# I cheated on my husband. Help



## foldedleaf (Aug 22, 2010)

I am hoping that by telling my story, someone can offer me guidance as I have lost myself along the way and don’t know which direction to turn in. I had an affair two weeks ago and the immense regret that I feel is unbearable. 

I am 30 years old and have been married to my husband for three and half years. We do not have any children. Basically, our entire marriage has been centered on his dreams, needs and wants while everything else is just simply insignificant. 
Shortly after we were married, his true colors began to shine. He became very controlling, selfish and never deemed it necessary to compromise. 

Three months after marriage, we learned that he was accepted into a rigorous medical program out of state. So we left our large of group of friends and family and moved to a town barren of people our age and things to do (yes, I live in the boonies). We moved into a house on 100 acres which is peaceful but quite isolated. Knowing that school would have to be his #1 priority, I had nothing else to concentrate on except for my career (Social work/psych field) which eventually began taking its toll. The first year was tough, we rarely spent quality time together and when we tried he was always irritable. I was so lonely and missed all of the social interaction that we had in our hometown. I never met many new people that would become our friends. The only social outlet that I had was work. 

There have been several major pivotal breaking points in this marriage but I will only cover two because they will give you enough of a glimpse as to what this marriage has been like. 
One day, he began talking about a girl that had just entered his program who had just moved here and didn’t know anyone. So I began inviting her over for dinners and there was just something about her that I couldn’t pinpoint but I knew I couldn’t trust her. Women’s intuition can be quite powerful. But we didn’t have friends like mentioned before so I thought I’d give this a try anyway. Long story short, she was highly promiscuous and would flirt with him directly in front of me. It just so happens that we know her neighbors and one day the neighbor called me and said, “I just want you to know that I’ve seen his car over at her house almost every day and I thought you should know.” When I confronted him, he was very defensive, saying they were friends and he can do what he wants. I told him that she is welcome to hang out with us when we are together but I didn’t feel comfortable with them spending time alone. He yelled and screamed and told me how insecure I was. The next week, I went to a wedding out of town (alone). I called him and he wouldn’t answer. I knew where he was. He said nothing happened. I don’t believe it to this day. Then about 7 months ago he hit me. I felt so violated and disrespected. My attraction towards him began to diminish while my anger and resentment began to rise. After threatening divorce, he finally went to counseling. I told him that If he didn’t stay committed to working on his anger with a counselor that I would leave. He only went to three sessions (which began 2 months ago). 

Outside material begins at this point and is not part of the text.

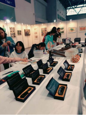 活动现场人山人海,我校展台人头攒动。展示的工艺品受到了现场领导及民众的一致好评,原创服装作品通过模特在T台的演绎,展现了强大的时尚力量和艺术创作力量,带来了不一样的视觉冲击。

About 6 months ago, my husband made a friend with whom I will call John. The first time I met him, I thought that he was slightly attractive but never thought anymore about it until later. He fit in with us perfectly and my husband and I became friends with him instantly. He was very personable, caring, genuine, sincere and fun to hang out with. He began coming to our farm every weekend (fri-sun) and spending the night. He was such a joy to have around for both my husband and I because not only did we have a social outlet but he distracted us from our turmoil. 

Well, I’m afraid that some of you may think that I’m crazy for saying this but I am a very intuitive person. I can get a feel for most people rather quickly. The reason why I tell you this is because I began to sense him strongly. In fact I had a dream about him that involved something happening to him when he was 8 yrs old (this has never happened before). So I guess my attraction or curiosity began during this time period. One evening, he and I sat on the porch and talked about his past and the hard times he has been through. I told him about the dream I had (jokingly) and he said that it was absolutely true. After that evening, I felt a strong MAGNETIC pull towards him that I couldn’t stop. I had never felt it before.
He and I began to get into deep conversations about life, pain, ideas and dreams. Sometimes my husband was sitting right next to us and other times he went to bed early (who was sleeping in another bed by choice). It was so nice to have a companion. He listened to me and actually cared what I had to say. I hadn’t had that type of communication with my husband in years.
The more I got to know him, the more I wanted to be around him. I knew that my feelings began to change when I couldn’t stop thinking about him. I began to feel guilty and it began weighing me. When he would come over, I would try to avoid him by going in my room or walking around the property but this didn’t work. I was freaking out internally because I knew that my mind had already crossed a line. I didn’t want to be attracted to him. Believe me when I say that feeling attracted to him was tearing me up inside and I didn’t know what to do. That magnetic force was INTENSE and I felt like it was out of my control. My gut told me he was feeling it too but never thought anything would happen b/c he was such an honest and humble guy. 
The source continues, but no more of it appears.